7:48 AM, 26 Feb 2008
| More
Alan Kohler

Scrap the monthly bored meeting



Corporate collapse is in the air once again; loss and recrimination stalks the business world as bankers switch from being money marketers to capital conservers.

Just how much risk capital will be lost during this credit squeeze is unknowable, of course, but it’s unlikely that the squeeze on equity is over yet. Unless there is a sudden re-liquification of the banking system, of which there is no sign yet, more equity will be lost in the scramble to recover debt and some companies will go to the wall.

But it’s to be hoped that we don’t emerge from this crisis with a worse corporate governance system than we entered with. It’s already bad enough.

In fact, there is a good case for regulation to now go the other way: many of the extra burdens placed on boards of directors by previous crises are entirely useless, in my view. Counter-productive even.

Monthly board meetings have become swamped by the detail of management accounts and compliance. The result of this is worse governance, not better.

In fact, I think it is time to abolish the institution of the monthly board meeting altogether: nothing else will fix the lack of proper governance.

If you want to invite a professional company director to lunch, don’t do it in the second half of the month. That’s when all the board meetings are: it takes the CFO a couple of weeks to prepare the monthly management accounts, and that, ridiculously, is the focus and main topic of all board meetings.

Hours are whiled away listening to presentations from CFOs about the numbers. Directors pore over them and ask penetrating questions. Other detailed presentations are received and scrutinised. Compliance and remuneration matters are then dealt with in numbing detail.

After a couple of hours the unfortunate directors are stir-crazy, wishing they were on a Kurdish mountaintop in winter in their underpants – anywhere but there.

And at the end of the board meeting, as they spill into the street, blinking, in need of a stiff latte, the directors will have a nagging sense of something missing – of something not done.

And what’s often missing is the real business of the board: that is, strategy. The only way to fix this problem, in my view, is to have fewer board meetings, and to NOT have them when the management accounts are available.

Monthly accounts are a curse. The minutiae of a company’s financial performance are matters for the CFO and the chief executive. It’s what they get the big bucks for.

They are statutory officers with a legal responsibility for running the business and unless there are good reasons for doing otherwise, directors should leave them to it. The directors of Allco Finance Group, for example, need to meet at least once a month at the moment – if not a couple of times a week.
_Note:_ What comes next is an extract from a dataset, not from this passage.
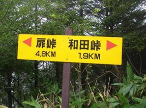 このトレイルを左へ進む。少しの登りでコブに出る。ここに「和田峠1.9km、扉峠4.8km」という道標があった。合計で6.7kmか、縦走に丁度いい距離だな。八島湿原から和田峠までは5kmだし、結構、いい時間設定や距離設定になっている。和田峠には待機車両用の広い駐車場もあった。参加者が多ければマイクロバスを借り切って来るのもよかろう。

But when a business is going along okay and there are no impending crises, directors should stay out of the monthly management accounts. Obviously they need to properly examine the annual and half-yearly reports before signing them, but if they don’t trust the CEO not to spring six-monthly surprises on them, they should sack him or her.

The Sarbanes-Oxley legislation of 2002 is often said to be responsible for a shift in the centre of gravity of securities industries from New York to London.

Whatever the truth of that assertion, there is no doubt that the legislative response to the collapses of Enron in 2001 and Worldcom in 2002 imposed extra burdens on the governance of US companies.

Was it really needed? We’ll never know, but it is a misunderstanding of Sarbanes-Oxley to think that the burden is on the boards of directors. In fact the legislative yoke is around the necks of executives, not directors.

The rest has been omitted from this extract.